I practice placing them everywhere..but thanks for the reminder..


----------



## Stretchdrive (Mar 12, 2011)

I even kick them off to the side.


----------



## Loisiana (Jul 29, 2009)

Titan1 said:


> I practice placing them everywhere..but thanks for the reminder..


um, yeah,the reminder probably wasnt meant for you ROFL. Do you even know when the last time Titan missed an article was??

I just brought it up because when I was training Annabel in utility I had never paid enough attention to how articles are usually set up so never practiced it that way until someone set them like that fo us in a match. Everyone always suggests all kinds of different ways but I think others tend to assume everyone knows to practice the one in the center so dont mention it.

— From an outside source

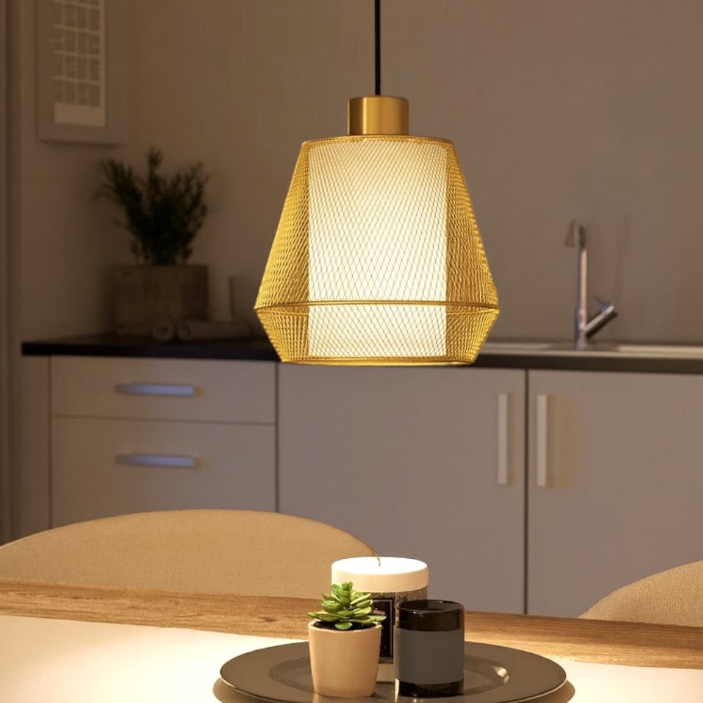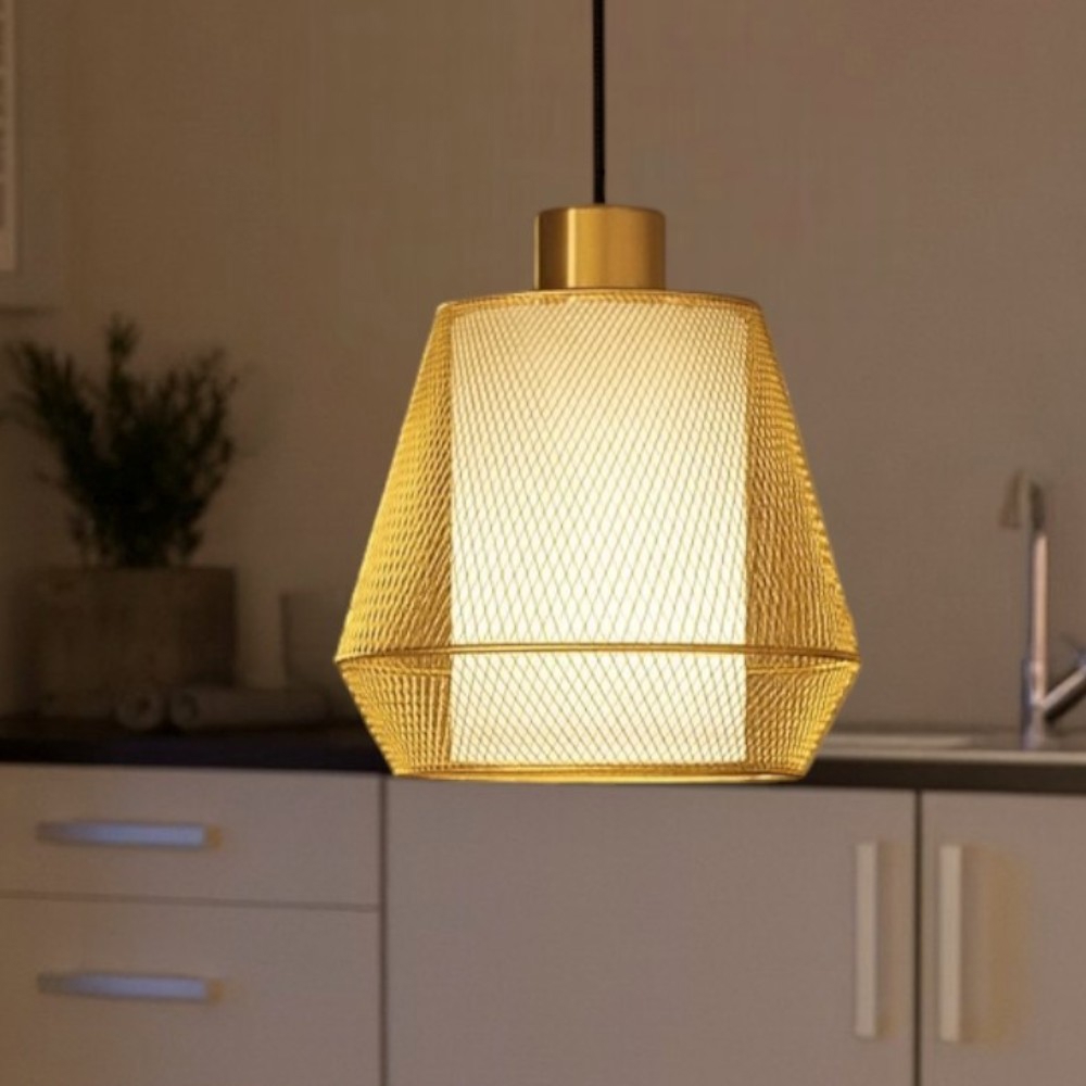 Lampada a sospensione per camera da letto con dettagli colore oro

My set up for articles is usually just to dump them out of the bag and shift a couple around if needed. I still have to remind myself to practice the one in the center occassionally.


----------



## Titan1 (Jan 19, 2010)

Loisiana said:


> um, yeah,the reminder probably wasnt meant for you ROFL. Do you even know when the last time Titan missed an article was??
> 
> YES.....I do he missed them once in Ft Dodge...That was the last time I brought them into the motel from the truck. My room smelled like urine (shudders..:yuck::yuck::yuck:..eeeewwweeee) and i brought them in and they used that ionizer in my room.. Next day Titan would not pick up the articles..
> 
> Edit: I probably just jinxed myself.....


----------



## DNL2448 (Feb 13, 2009)

Titan1 said:


> My room smelled like urine (shudders..:yuck::yuck::yuck:..eeeewwweeee) and i brought them in and they used that ionizer in my room.. Next day Titan would not pick up the articles..
> 
> Edit: I probably just jinxed myself.....

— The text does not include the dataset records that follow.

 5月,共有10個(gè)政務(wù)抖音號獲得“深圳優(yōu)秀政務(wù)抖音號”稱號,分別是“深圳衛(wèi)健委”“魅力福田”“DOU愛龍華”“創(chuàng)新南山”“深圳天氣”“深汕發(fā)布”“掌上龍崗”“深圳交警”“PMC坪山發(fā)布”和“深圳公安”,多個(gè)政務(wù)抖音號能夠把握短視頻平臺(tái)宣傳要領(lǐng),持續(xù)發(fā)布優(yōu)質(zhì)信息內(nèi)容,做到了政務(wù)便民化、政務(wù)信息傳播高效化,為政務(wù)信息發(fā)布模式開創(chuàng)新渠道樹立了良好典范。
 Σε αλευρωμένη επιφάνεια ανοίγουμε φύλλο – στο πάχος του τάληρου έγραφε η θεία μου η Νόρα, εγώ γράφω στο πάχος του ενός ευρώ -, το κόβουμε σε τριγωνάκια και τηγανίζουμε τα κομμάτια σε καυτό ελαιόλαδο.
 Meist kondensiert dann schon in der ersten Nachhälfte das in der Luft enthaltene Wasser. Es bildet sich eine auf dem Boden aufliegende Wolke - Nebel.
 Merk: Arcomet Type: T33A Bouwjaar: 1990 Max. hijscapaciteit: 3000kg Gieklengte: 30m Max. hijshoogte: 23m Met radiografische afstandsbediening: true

Sounds like the room I had last month for the hunt test. :yuck: Is right!


----------



## Titan1 (Jan 19, 2010)

DNL2448 said:


> Sounds like the room I had last month for the hunt test. :yuck: Is right!


Told you that I had been there done that..LOL!


----------



## Loisiana (Jul 29, 2009)

I just leave mine at the show site. Hopefully no one is pathetic enough to steal my scent articles.


----------



## JDandBigAm (Aug 25, 2008)

Thanks for the tip! Jonah did the scent articles at about 10 months then we put them away. We will be getting them back out soon, I hope! Articles training is fun and so is the marking for taking the glove.


----------



## Stretchdrive (Mar 12, 2011)

Loisiana said:


> I just leave mine at the show site. Hopefully no one is pathetic enough to steal my scent articles.


I would never do that, I don't trust people!


----------



## Stretchdrive (Mar 12, 2011)

Titan1 said:


> Loisiana said:
> 
> 
> > um, yeah,the reminder probably wasnt meant for you ROFL. Do you even know when the last time Titan missed an article was??
> ...


----------



## Titan1 (Jan 19, 2010)

Stretchdrive said:


> Titan1 said:
> 
> 
> > I would have gone to the desk, and requested a different room.
> ...


----------



## LibertyME (Jan 6, 2007)

Good thread, learning lots...
As a person that trains obed largely alone, you all have no idea how much I appreciate being able to eavesdrop on conversations like this.


----------



## Stretchdrive (Mar 12, 2011)

Titan1 said:


> Stretchdrive said:
> 
> 
> > Yeah trust me I tried..Not another room available.. I won't do that motel ever again and I was traveling with someone else and could not get two rooms any other place.
> ...


----------